*** Opening Dataset content ***

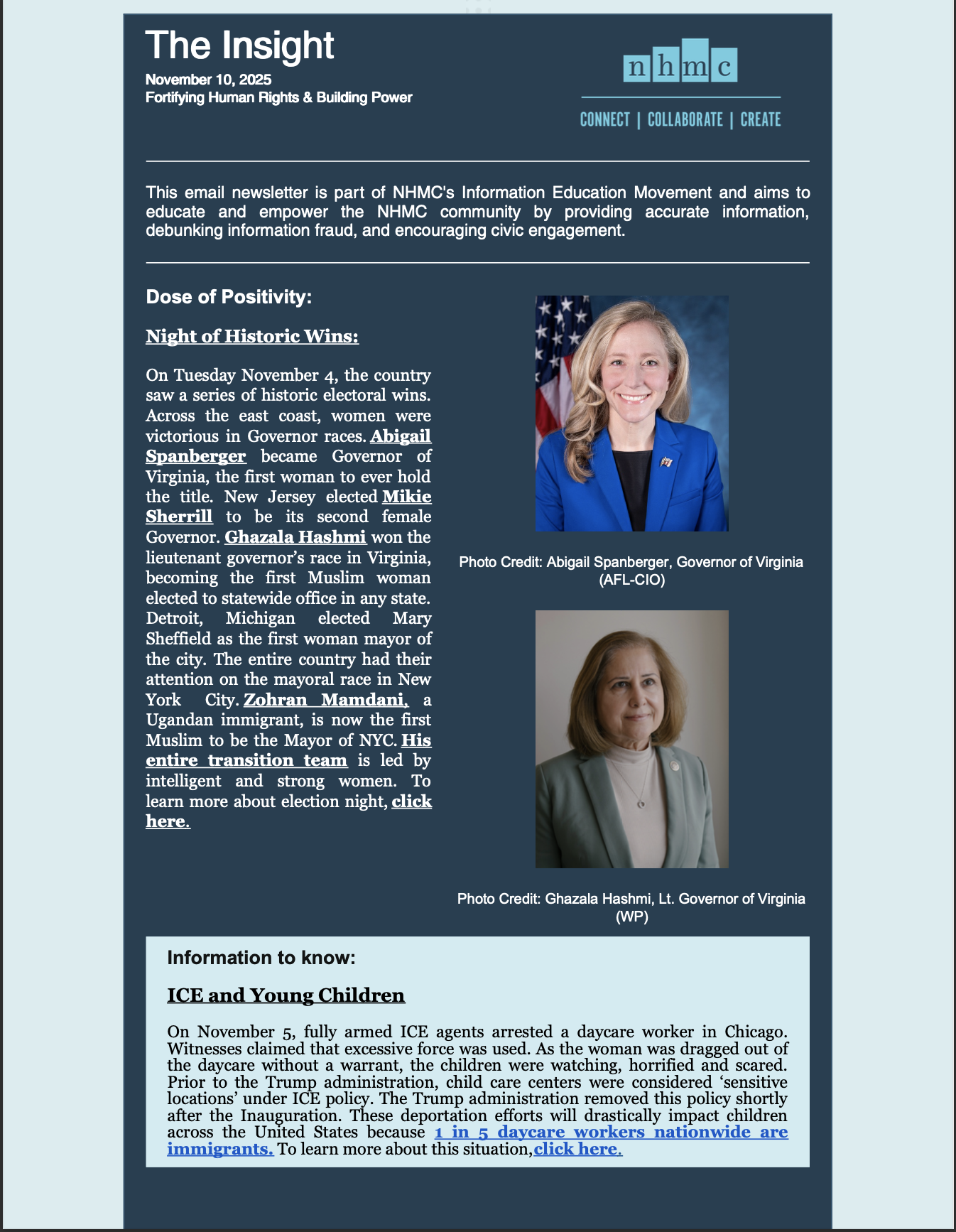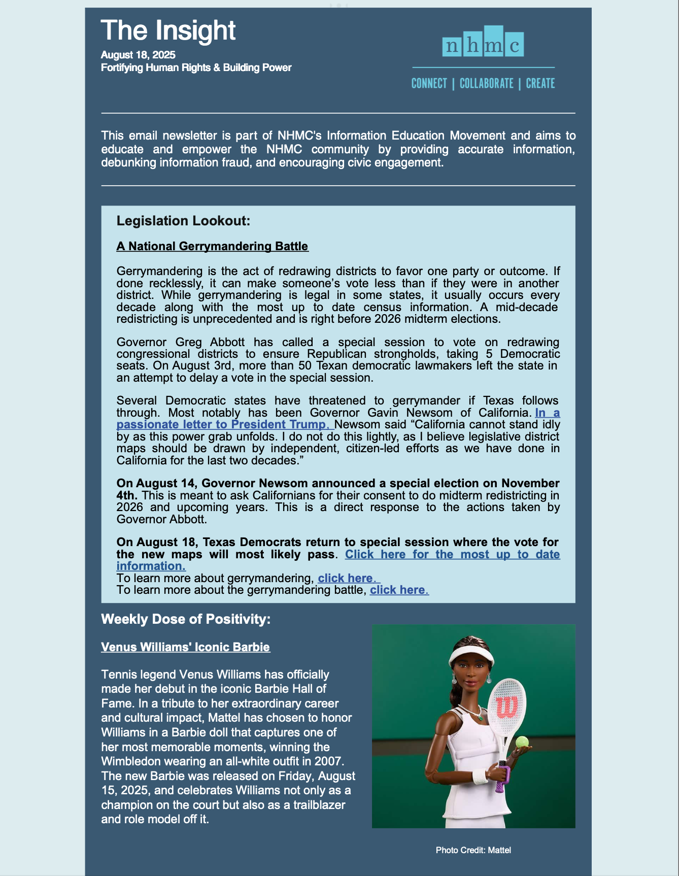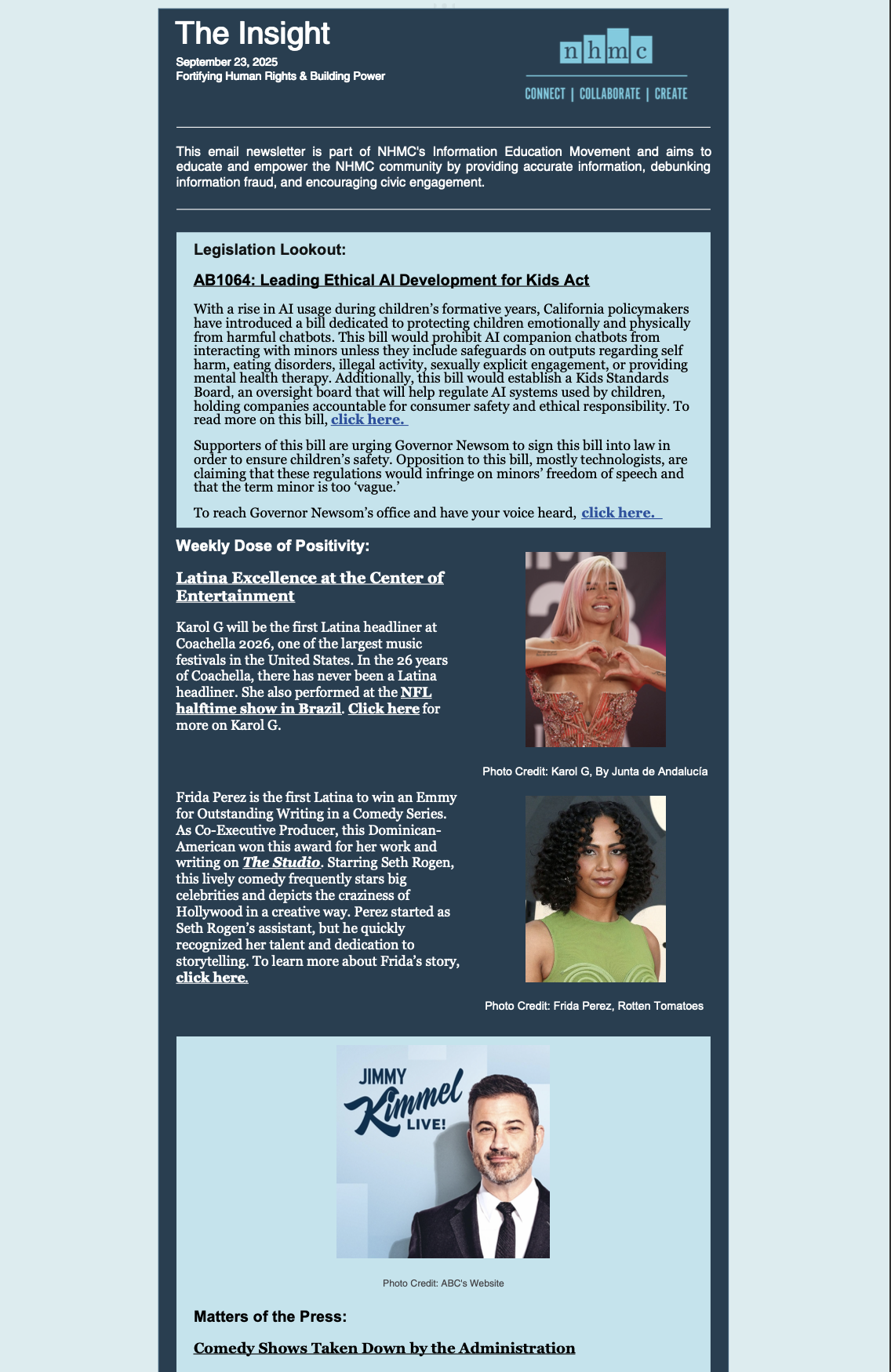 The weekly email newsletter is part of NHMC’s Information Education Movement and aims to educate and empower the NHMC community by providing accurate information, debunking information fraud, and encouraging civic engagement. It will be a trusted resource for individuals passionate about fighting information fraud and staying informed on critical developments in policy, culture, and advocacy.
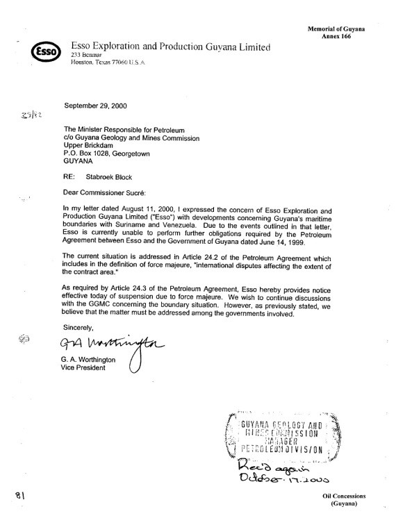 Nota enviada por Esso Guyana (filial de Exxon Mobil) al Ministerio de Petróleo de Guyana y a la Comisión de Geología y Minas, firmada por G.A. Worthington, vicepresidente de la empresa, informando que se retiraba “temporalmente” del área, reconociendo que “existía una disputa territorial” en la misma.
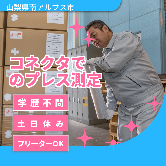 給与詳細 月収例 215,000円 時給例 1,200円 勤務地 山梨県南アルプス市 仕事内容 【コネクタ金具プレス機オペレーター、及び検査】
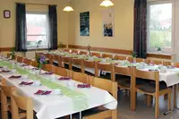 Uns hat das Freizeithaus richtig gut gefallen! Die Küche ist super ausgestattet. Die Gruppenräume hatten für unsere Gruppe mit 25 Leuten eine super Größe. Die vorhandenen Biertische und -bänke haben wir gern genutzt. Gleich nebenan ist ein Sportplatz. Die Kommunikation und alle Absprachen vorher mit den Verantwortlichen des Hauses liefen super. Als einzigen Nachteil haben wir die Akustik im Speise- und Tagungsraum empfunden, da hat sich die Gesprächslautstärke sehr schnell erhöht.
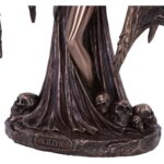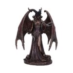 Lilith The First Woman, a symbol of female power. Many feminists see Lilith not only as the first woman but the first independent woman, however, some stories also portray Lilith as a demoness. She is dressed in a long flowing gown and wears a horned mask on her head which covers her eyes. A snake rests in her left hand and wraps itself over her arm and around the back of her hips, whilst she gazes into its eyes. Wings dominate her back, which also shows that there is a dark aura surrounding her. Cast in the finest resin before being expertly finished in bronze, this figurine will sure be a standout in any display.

*** Closing Dataset content ***

Task
Repeat the data exactly in full, omitting its pictures.

The answer
 The weekly email newsletter is part of NHMC’s Information Education Movement and aims to educate and empower the NHMC community by providing accurate information, debunking information fraud, and encouraging civic engagement. It will be a trusted resource for individuals passionate about fighting information fraud and staying informed on critical developments in policy, culture, and advocacy.
 Nota enviada por Esso Guyana (filial de Exxon Mobil) al Ministerio de Petróleo de Guyana y a la Comisión de Geología y Minas, firmada por G.A. Worthington, vicepresidente de la empresa, informando que se retiraba “temporalmente” del área, reconociendo que “existía una disputa territorial” en la misma.
 給与詳細 月収例 215,000円 時給例 1,200円 勤務地 山梨県南アルプス市 仕事内容 【コネクタ金具プレス機オペレーター、及び検査】
 Uns hat das Freizeithaus richtig gut gefallen! Die Küche ist super ausgestattet. Die Gruppenräume hatten für unsere Gruppe mit 25 Leuten eine super Größe. Die vorhandenen Biertische und -bänke haben wir gern genutzt. Gleich nebenan ist ein Sportplatz. Die Kommunikation und alle Absprachen vorher mit den Verantwortlichen des Hauses liefen super. Als einzigen Nachteil haben wir die Akustik im Speise- und Tagungsraum empfunden, da hat sich die Gesprächslautstärke sehr schnell erhöht.
 Lilith The First Woman, a symbol of female power. Many feminists see Lilith not only as the first woman but the first independent woman, however, some stories also portray Lilith as a demoness. She is dressed in a long flowing gown and wears a horned mask on her head which covers her eyes. A snake rests in her left hand and wraps itself over her arm and around the back of her hips, whilst she gazes into its eyes. Wings dominate her back, which also shows that there is a dark aura surrounding her. Cast in the finest resin before being expertly finished in bronze, this figurine will sure be a standout in any display.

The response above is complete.